In a gloomy inauguration speech 10 days ago, Brown warned Aucklanders are “sailing into an economic and fiscal storm” but he planned to keep rates low, parks in good shape and the zoo or museum an affordable treat for everyone.
The latest financial update - the first since former Mayor Phil Goff presented his final budget proposal in June for a 5.6 per cent rate rise this year - is due to be published today.
The current 10-year budget has a 3.5 per cent rates increase pencilled in next year.
The financial update will be discussed at the first proper business of the governing body on Thursday, comprising the mayor and 20 councillors.
It is understood Brown will set out a plan to tackle the $270 million shortfall through a combination of rate rises, savings and demanding better performance by the council, council-controlled organisations (CCOs) and Ports of Auckland.
The new mayor has already backed away from a campaign promise to force the port to pay rates and dividends of $400 million a year, now saying that is not possible through port operations.
One option Brown could consider to reduce debt and the cost of debt servicing is selling the council’s 18 per cent shareholding in Auckland Airport, valued at about $2 billion.
Any suggestion of selling the airport shares would face strong opposition around the council table, particularly from left-leaning councillors.

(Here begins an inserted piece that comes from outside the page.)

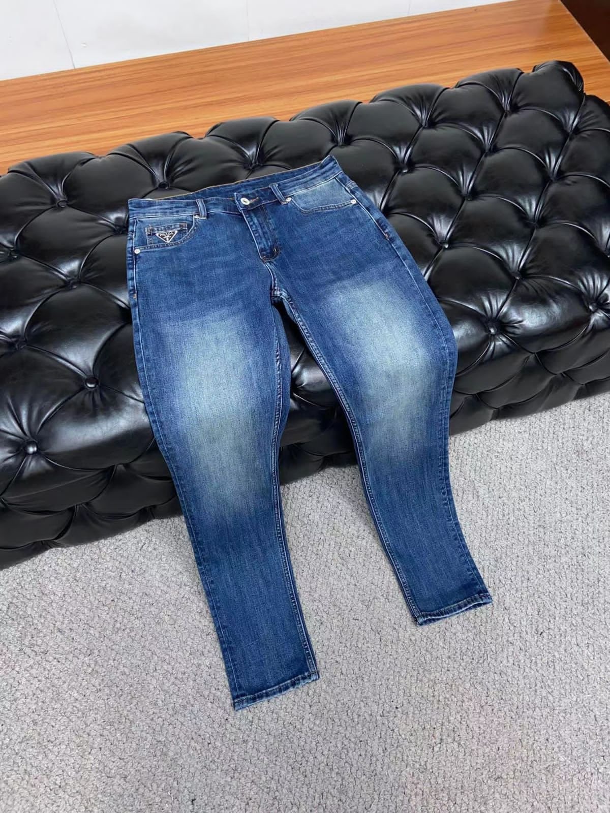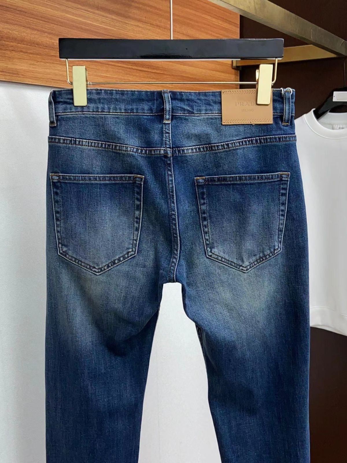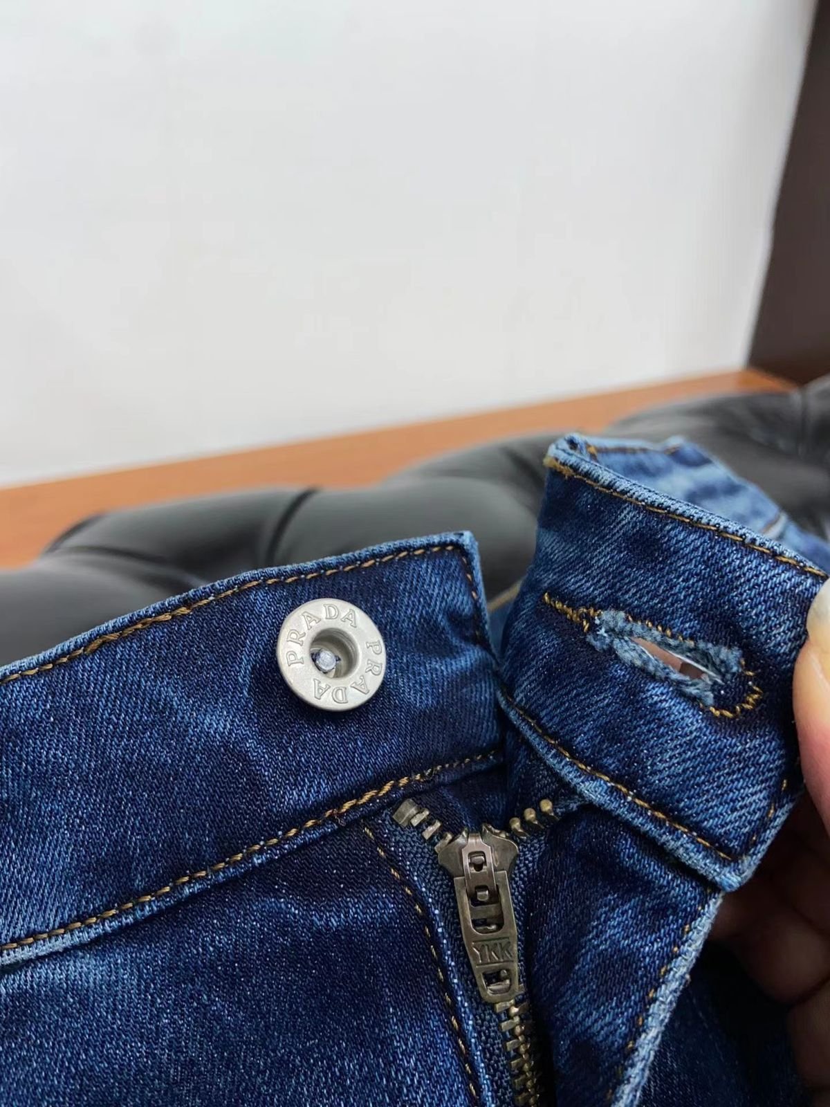 PRADA || Pantalon en denim bleu délavé micro-élastique P Family Pra Triangle, denim décontracté de créateur

Mayoral sources say Brown accepts inflation and falling council revenues are part of the problem, but he also blames head office overheads and inefficiencies in delivering services not just at Auckland Council but throughout the wider council group.
The Herald understands Brown will ask councillors to agree to a forensic, line-by-line analysis of the council, CCOs and port company. This work will have to happen in a hurry as the mayor has to publish the first draft of next year’s budget before Christmas.
The governing body’s work of finding savings is made harder by Brown ruling out cuts to what he calls " the essential services Aucklanders’ value”, although he has yet to spell out what he means by “essential”.
In a statement last night, Brown had a crack at former Mayor Phil Goff for using a $127m payment from the Government to “paper over the fiscal cracks” in this year’s budget and push out hard decisions to the new council.
The council received the money as part of a $500m “better-off” payment for handing over $11 billion of council water assets under the Government’s Three Waters reforms.
At the time Goff defended using the money to help plug a $175m budget deficit, saying it helped ratepayers burdened with inflation and higher interest rates.
On the CRL, Brown said the board and management of the country’s largest infrastructure project have not told either their central or local government shareholders the expected cost of the blowout, despite multiple requests.
“It’s completely unsatisfactory,” he said.
The Herald sought comment from Goff but he hadn’t responded by time of publication.